MENJADI penjaga 2 masjid utama umat Islam di Makkah dan Madinah memang membantu kejelasan kedudukan pemerintah Kerajaan Saudi Arabia (KSA) di maka Dunia Islam.
Lepas dari ‘faktor Islam’ negeri tempat kelahiran dan dakwah Nabi Besar Muhammad saw itu menjadi kekuatan regional, bahkan mendapat pengakuan global karena cadangan minyaknya, serta keberadaan di kawasan strategis dunia: Timur Tengah.
Namun kini, kekuatan Saudi sedang menurun dan bahkan Israel tidak dapat mengubahnya, tulis Marwan Bishara, kolumnis Al Jazeera.
Mungkin koinsidental, pembunuhan jurnalis Saudi Jamal Khashoggi yang disponsori negara, bersamaan dengan titik balik di mana Arab Saudi terus mundur, kehilangan arah dan pengaruh di kawasan Teluk dan Timur Tengah.
Lebih dari 50 tahun setelah kerajaan Saudi mulai naik ke ketenaran regional dan internasional sebagai anggota utama OPEC dan Organisasi Kerjasama Islam (OKI), sekarang berada di jalur penurunan yang stabil.
Rumah bagi situs-situs paling suci Islam dan cadangan minyak terbesar kedua di dunia, kebijakan salah arah Arab Saudi menyia-nyiakan pengaruh agama dan keuangan yang telah terakumulasi selama bertahun-tahun.
Lima tahun terakhir ini sangat menyakitkan dan merusak. Apa yang dimulai sebagai dorongan yang menjanjikan dan ambisius oleh Pangeran Mohammed Bin Salman (MBS) yang agak Machiavellian, segera berubah menjadi usaha yang sembrono.

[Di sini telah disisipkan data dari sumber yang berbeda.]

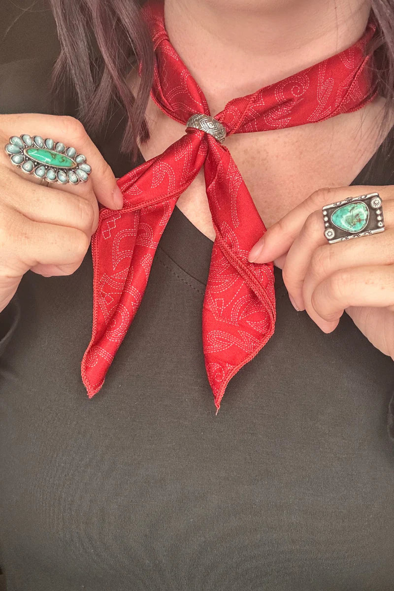 Wrap your neck in wild style with this Mini Stitched Out Wildrag. The red silky fabric adds a touch of luxury, while the cream boot stitch design adds a playful twist. Stay cozy and chic in any outfit. Yeehaw!
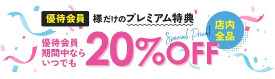 - 優待会員になると、1年間20%OFFでお買い物が可能となります。
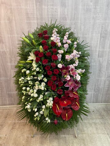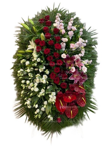 Ритуальный венок на похороны из живых цветов в розово-красно-белой гамме способен выразить нежные чувства любви и сострадания к покойному, стать символом памяти и траура. Розовые оттенки представлены нежно-розовыми эустомами и лиловыми лилиями, красные — бордово-рубиновыми розами и алыми антуриумами. Белый цвет воплощен молочного окраса эустомами и лилиями с лепестками алебастрового колера. Цветочная композиция располагается на основании, выполненном из елового лапника и пальмовых ветвей.
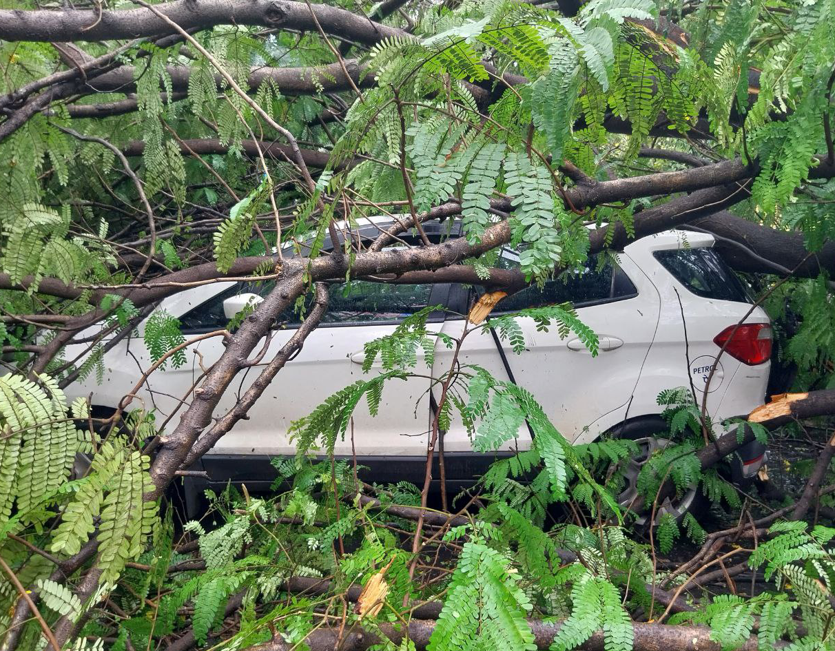 जबलपुर के इंदिरा मार्केट में जेल गेट के सामने एक बड़ा पेड़ गिर गया। इससे जहां यातायात ठप हो गया वहीं एक कार और ई रिक्शा पेड़ में दब गए। हादसे में कार चालक और रिक्शा सवार बाल बाल बच गए, उन्हें मामूली चोटें ही आईं। पेड़ गिरने से बिजली के तार भी टूट गए। जेल गेट की सड़क पर एक तरफ से यातायात बंद कर दिया गया।
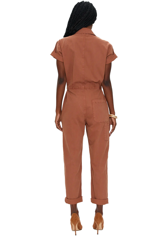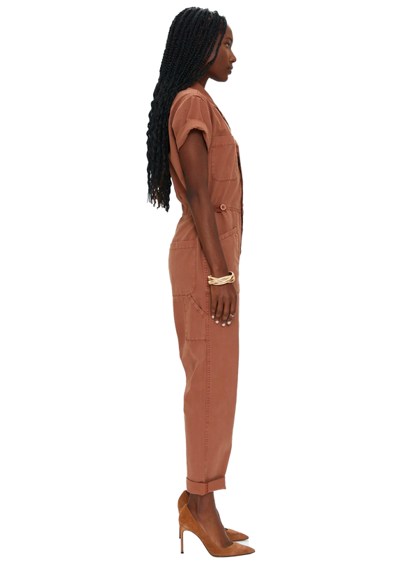 Grover is a bestselling jumpsuit for a reason! This button-closure, workwear-inspired one piece comes in this gorgeous cinnamon color - wear it any time of the year. With adjustable straps on the side, the grover can be worn cinched at the waist or straight through the midsection for an easy fit. Materials & Specs:
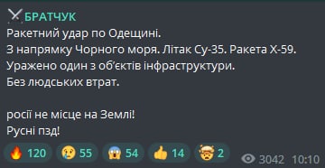 "Самолет Су-35. Ракета Х-59. Поврежден один из объектов инфраструктуры. Без человеческих потерь", - сообщил спикер Одесской ОГА Сергей Братчук.
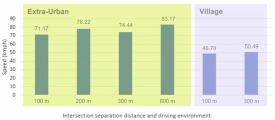 It must be noted that the difference between the average speed levels for segment with intersection separation distance of 100 m and 300 m is slightly more (also with higher statistical significance level) in case of the extra-urban segments than in the village segments, perhaps due to the lower speed limits present within the village as explained before.
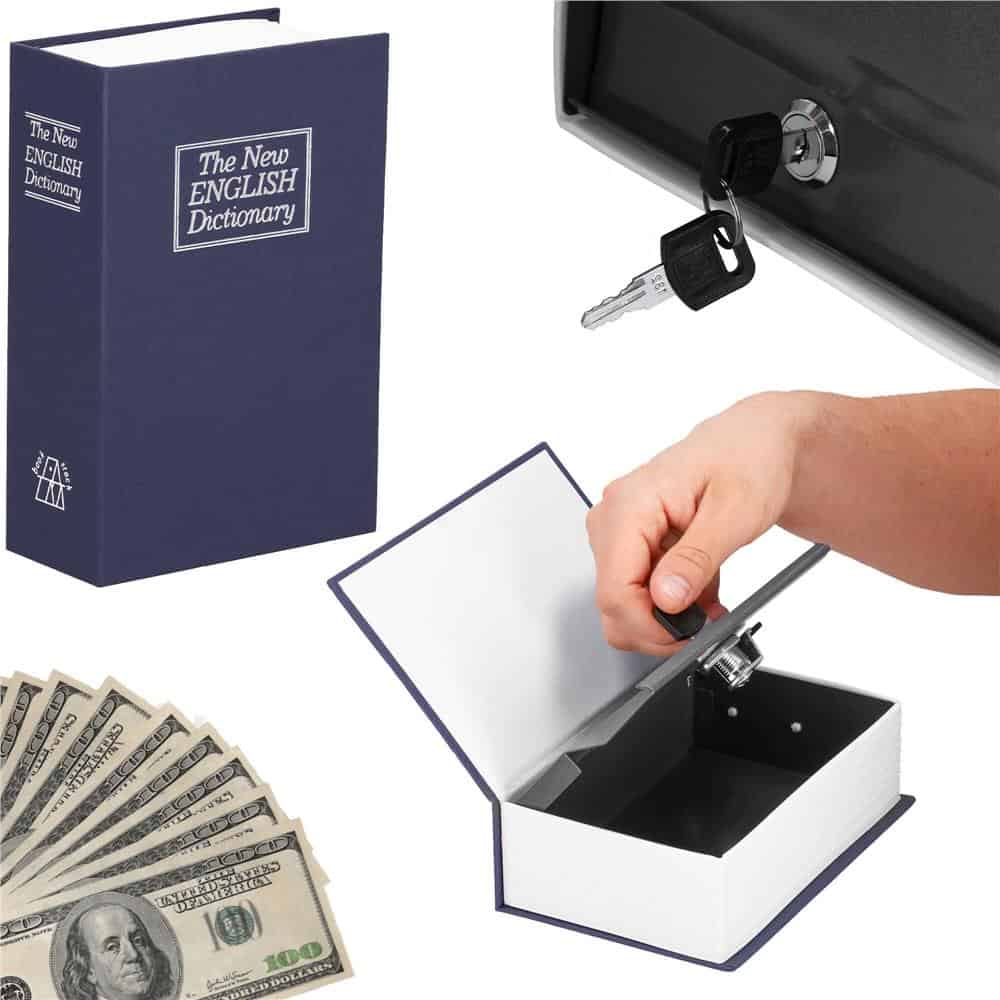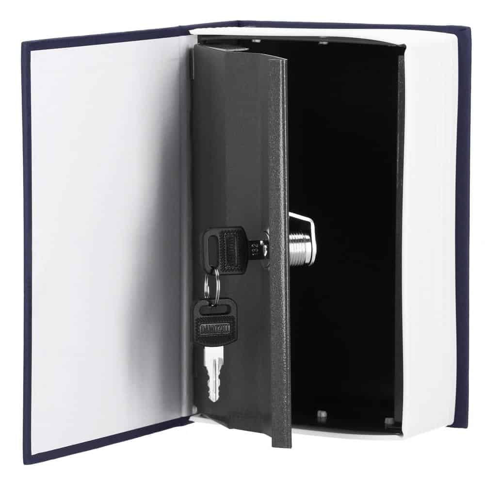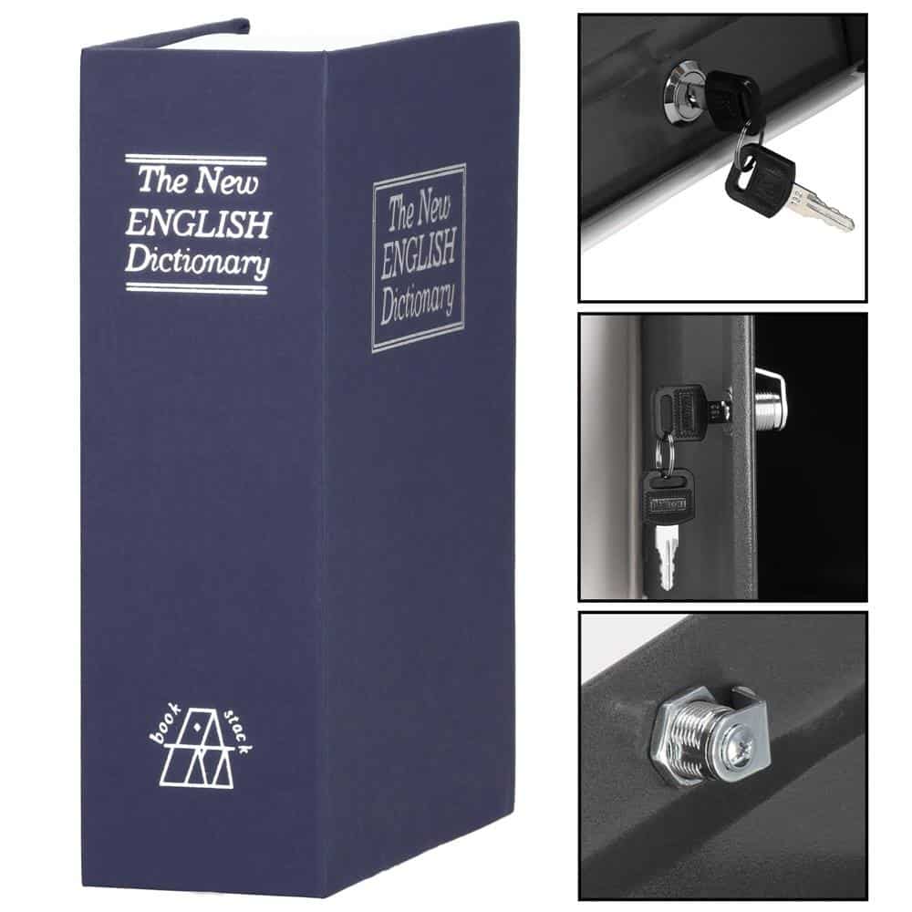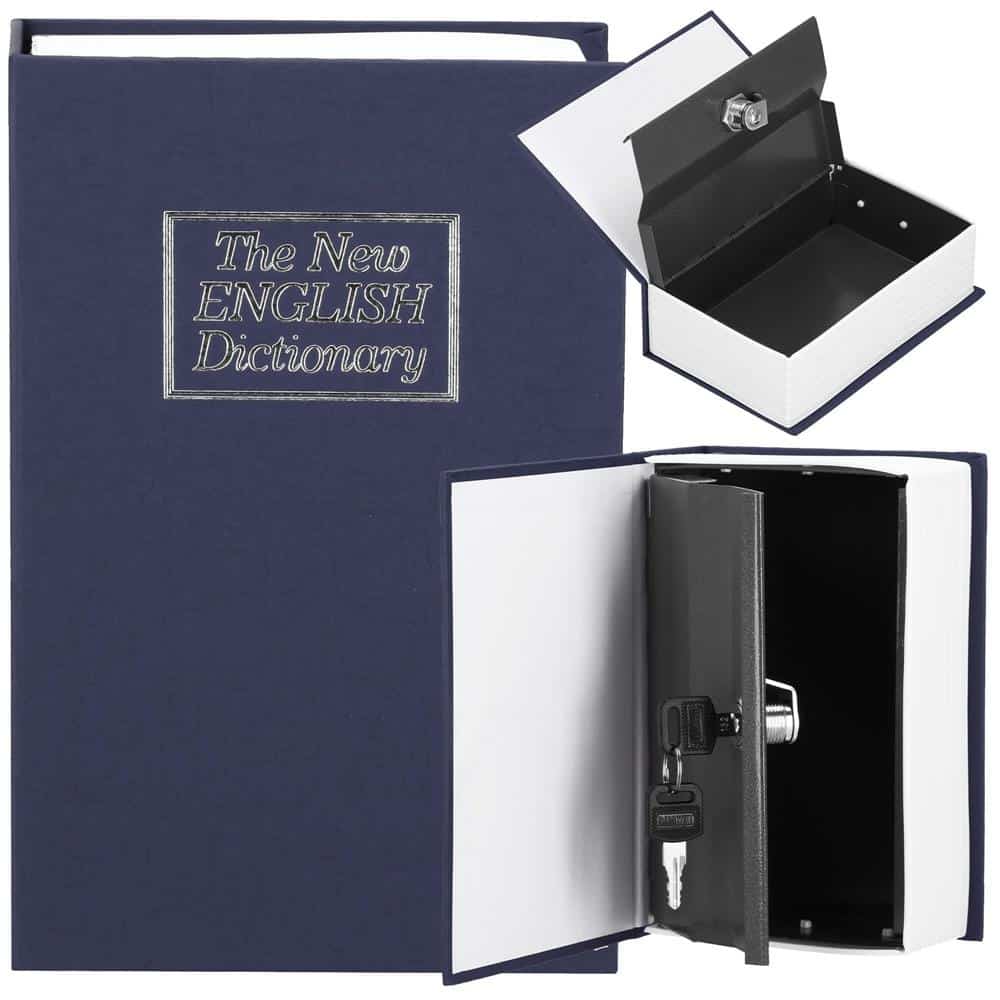 Caseta de valori, cutie metalica cu cheie, portabila, tip carte, Dictionar, albastru, 18×11.5×5.5 cm Mob360

Dipandu terutama oleh mentornya, pangeran Machiavellian lainnya, Mohammed Bin Zayed (MBZ) dari Uni Emirat Arab (UEA), MBS menjalankan roda kerajaan sampai ke lapisan politik di bawah.
Paradoksnya, tidak ada yang lebih membuktikan kemunduran Arab Saudi selain kebangkitan mendadak mitra juniornya sebagai kekuatan regional yang suka berperang, mencampuri Libya dan Tunisia serta mendukung diktator dan penjahat perang, seperti Abdel Fattah el-Sisi dari Mesir dan Bashar al-Assad dari Suriah. .
Dengan Riyadh yang dilumpuhkan oleh sebagian besar pukulan yang dilakukan sendiri, Abu Dhabi dengan ceroboh berlari ke depan dan menyeret Arab Saudi dengan itu.
Ini juga terbukti dalam dukungan MBS untuk langkah MBZ untuk menghubungkan keamanan Teluk dengan Israel sebagai cara untuk melindungi aturan dan pengaruh regional mereka.
Ini adalah pembalikan peran yang mencengangkan, mengingat Arab Saudi mulai menjadi terkenal secara regional dan global pada akhir 1960-an, bahkan sebelum UEA muncul.
Kekuatan kebetulan
Kebangkitan awal Arab Saudi dapat ditelusuri ke jatuhnya proyek pan-Arab Mesir setelah bencana perang tahun 1967, dan kematian pemimpinnya Gamal Abdel Nasser dari Mesir pada tahun 1970.
Sebagai anggota terkemuka OPEC, Arab Saudi menyelenggarakan pertemuan pertama OKI pada tahun 1970 untuk memperbesar pengaruhnya di luar Liga Arab, yang pada saat itu didominasi oleh rezim sekuler yang bersahabat dengan Soviet – terutama Mesir, Irak dan Suriah.
Rejeki nomplok dari ledakan minyak setelah pemboikotan OPEC menyusul perang Arab-Israel 1973 semakin memperkaya Arab Saudi dan mendanai diplomasi dan pengaruhnya terhadap petrodolar.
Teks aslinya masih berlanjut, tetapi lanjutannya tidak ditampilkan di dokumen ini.